Excerpts from a dataset:

----

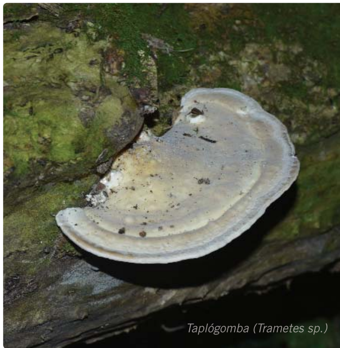
Taplógomba (Trametes sp.)
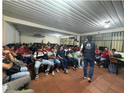
Ilustración 2. capacitación Institución Educativa
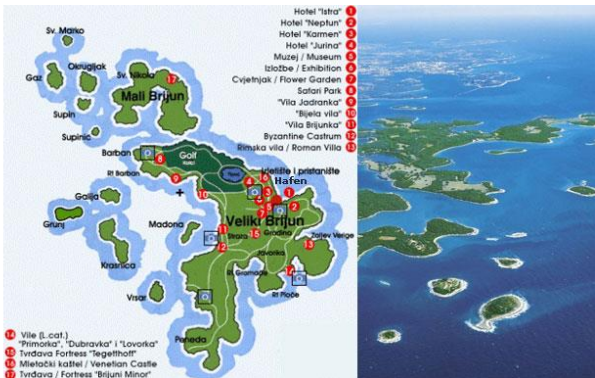
Slika 16. Karta i prikaz NP Brijuni iz zraka

Duž zapadnoistarske obale nekoliko je skupina manjih otoka. Najzanimljivija i najrazvedenija među njima svakako je skupina 14 Brijunskih otoka sjeverozapadno od Pule. Njihova ukupna površina je 7,3 km 2 . Najveći dio te površine (oko tri četvrtine) pripada samo jednom otoku- Velikom Brijunu. Granice Nacionalnog parka obuhvatile su i okolno more, tako da je njegova ukupna površina 36, 3 km 2 . Nacionalnim parkom proglašen je 1983.g., prvenstveno iz razloga da se osigura teritorijalna vlast Republike Hrvatske i očuva memorijalno nasljeđe otočja. Brijuni su jedini nacionalni park koji je u potpunosti u državnom vlasništvu, mnogi misle da je proglašen nacionalnim parkom zbog utjecaja politike (ljetna rezidencija predsjednika Jugoslavije, Josipa Broza Tita). No ipak ovaj park je zaštićen zbog bogatog podmorja i šuma hrasta crnike. Na Velikom Brijunu ostvaren je izniman sklad prirodnih i antropogenih elemenata u cjelokupnoj pejzažnoj slici. Zauzimanjem nekadašnjih poljoprivrednih, te krčenjem dijela šumskih površina i njihovim pretvaranjem u pejzažne parkove s prostranim otvorenim travnjacima stvoren je osobit krajolik, sasvim neuobičajen na Jadranu.
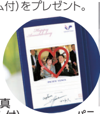
記念写真 (特製フォトフレーム付)
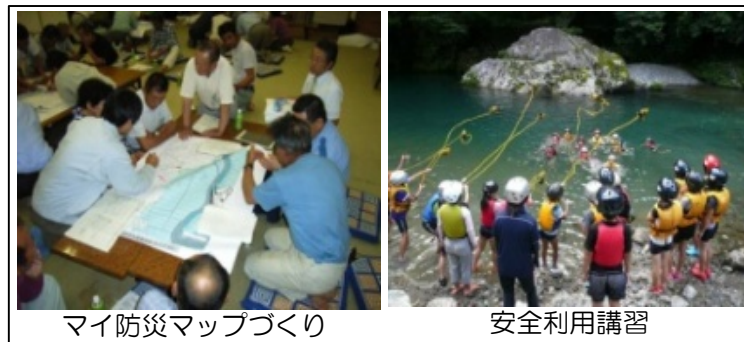
マイ防災マップづくり
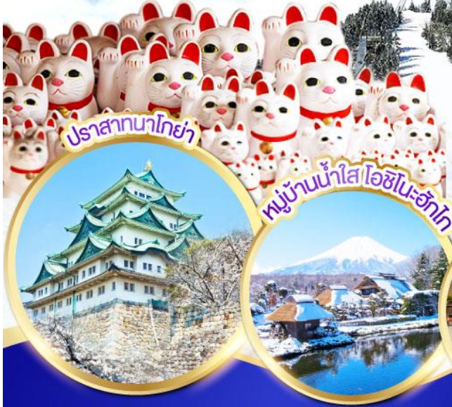
ปราสาทนาโกย่า
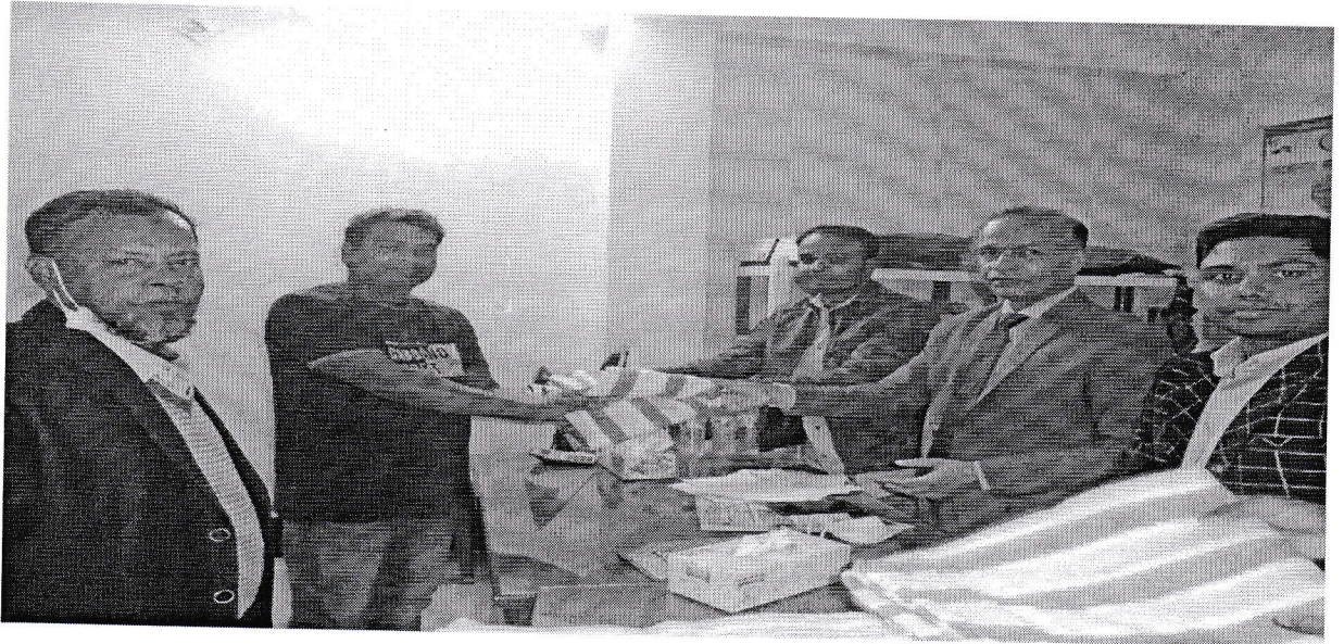
সমিতির পক্ষ থেকে শীত বস্ত্র বিতরণ।
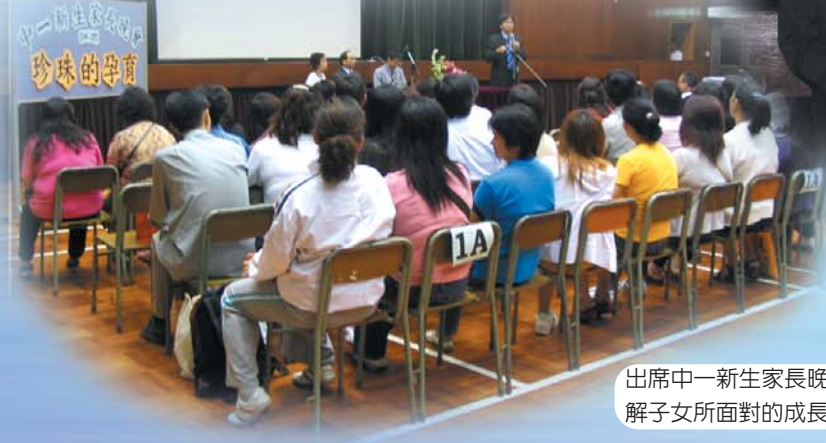
出席中一新生家長晚會，有助了解子女所面對的成長新階段。
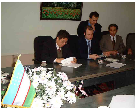
協議議事録 2 署名
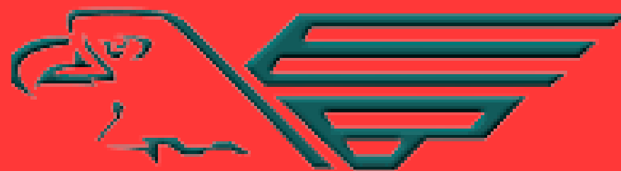
EAGLE BUTTE HS
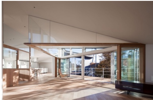
★リビングから繋がるインナーテラスには暑い日でも涼しい風が通り抜けます★
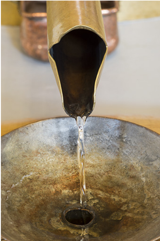
Bec verseur du réfrigérant et réception dans un tonneau.
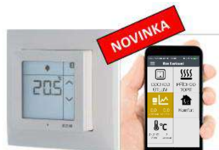
KOMPLET = CPAD-00/198 (187712) Rámeček EATON 55x55 mm, lesklá bílá

Bezdrátový termostat s dotykovým displejem RF systému EATON xComfort je vybavený vnitřním senzorem teploty, vlhkosti a intenzity a časovými plány. Proto je ideálním řešením pro regulaci vytápění a chlazení, příp. jen pro monitorování klimatu v místnosti. Termostat má externí vstup PT1000 pro připojení senzoru CSEZ-01/36 pro měření venkovní teploty nebo regulaci elektrického podlahového vytápění s omezením max. podlahové teploty (při přímém řízení rovněž min. teploty podlahy). Termostat trvale zobrazuje teplotu v místnosti a při doteku rovněž vlhkost, čas nebo venkovní teplotu – ovšem pokud systém venkovní teplotu využívá.
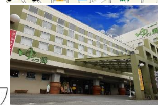
天然温泉ゆの郷 徒歩6分
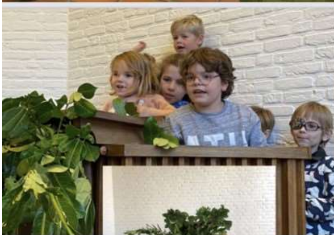
De boom van Zacheüs
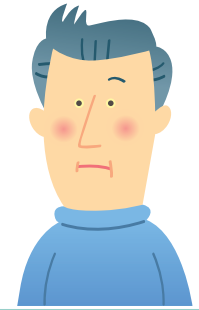
皮膚や目の色が黄色い
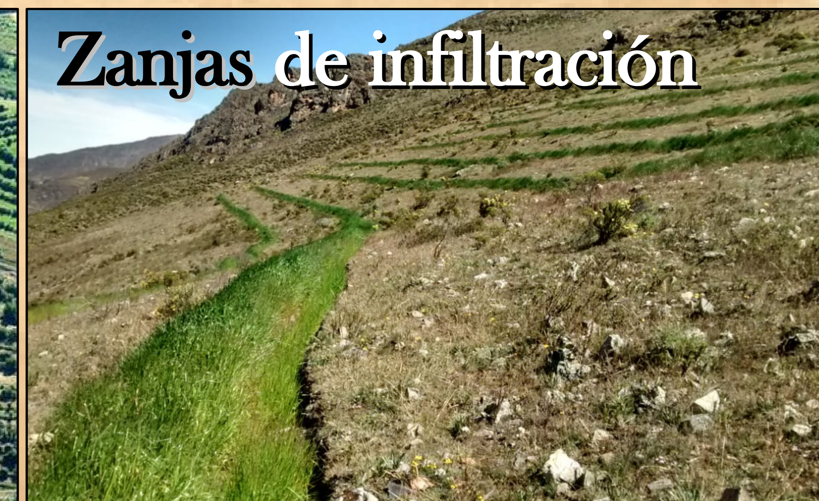
Zanjas de infiltración
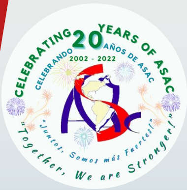
PHOTO GALLERY/ GALERÍA DE FOTOS
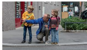
Regelmäßiges, gemeinsames Training ist wichtig!

Gehen Sie mit Ihrem Kind den Schulweg ab und erklären Sie ihm, warum es wo gefährlich ist und worauf es als Fußgängerin bzw. Fußgänger achten muss. Üben Sie problematische Stellen (siehe Schulwegplan) besonders gut. Beim nächsten Mal lassen Sie sich bereits von Ihrem Kind führen, das dabei über sein Verhalten spricht. So können Sie feststellen, ob es alles richtig verstanden hat und eventuell korrigierend eingreifen.
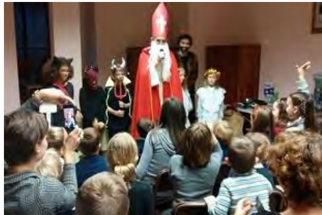
30 NOVEMBRE – DOMENICA – NELLA SALA MONS. AUGUSTONI FESTA DI SAN NICOLA CHE PORTA I DONI AI BAMBINI BUONI
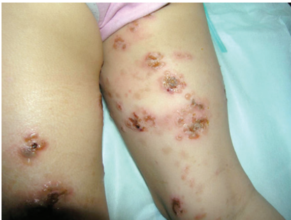
FIGURA 4. Nótese la afectación bilateral

Para finalizar, queremos resaltar la importancia de la alerta que debe tener el pediatra frente a los casos más frecuentes de lesiones ampollares de la infancia que no responden al
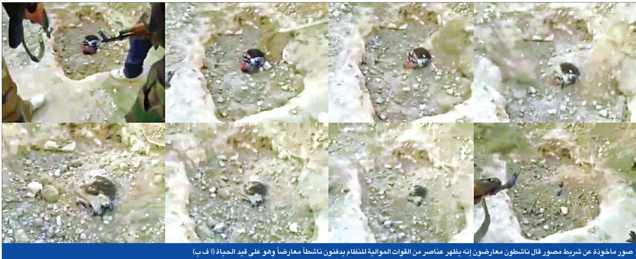
صور مأخوذة عن شريط مصور قال ناشطون معارضون إنه يظهر عناصر من القوات الموالية للنظام يذفون ناشطاً معارضاً وهو على قيد الحياة
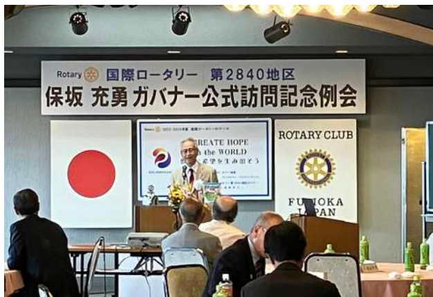
藤岡 RC 9月21日

----

__What you should do__:
Scan the entries for lines holding the string "EATON", then copy every one of them.

__Solution__:
KOMPLET = CPAD-00/198 (187712) Rámeček EATON 55x55 mm, lesklá bílá
Bezdrátový termostat s dotykovým displejem RF systému EATON xComfort je vybavený vnitřním senzorem teploty, vlhkosti a intenzity a časovými plány. Proto je ideálním řešením pro regulaci vytápění a chlazení, příp. jen pro monitorování klimatu v místnosti. Termostat má externí vstup PT1000 pro připojení senzoru CSEZ-01/36 pro měření venkovní teploty nebo regulaci elektrického podlahového vytápění s omezením max. podlahové teploty (při přímém řízení rovněž min. teploty podlahy). Termostat trvale zobrazuje teplotu v místnosti a při doteku rovněž vlhkost, čas nebo venkovní teplotu – ovšem pokud systém venkovní teplotu využívá.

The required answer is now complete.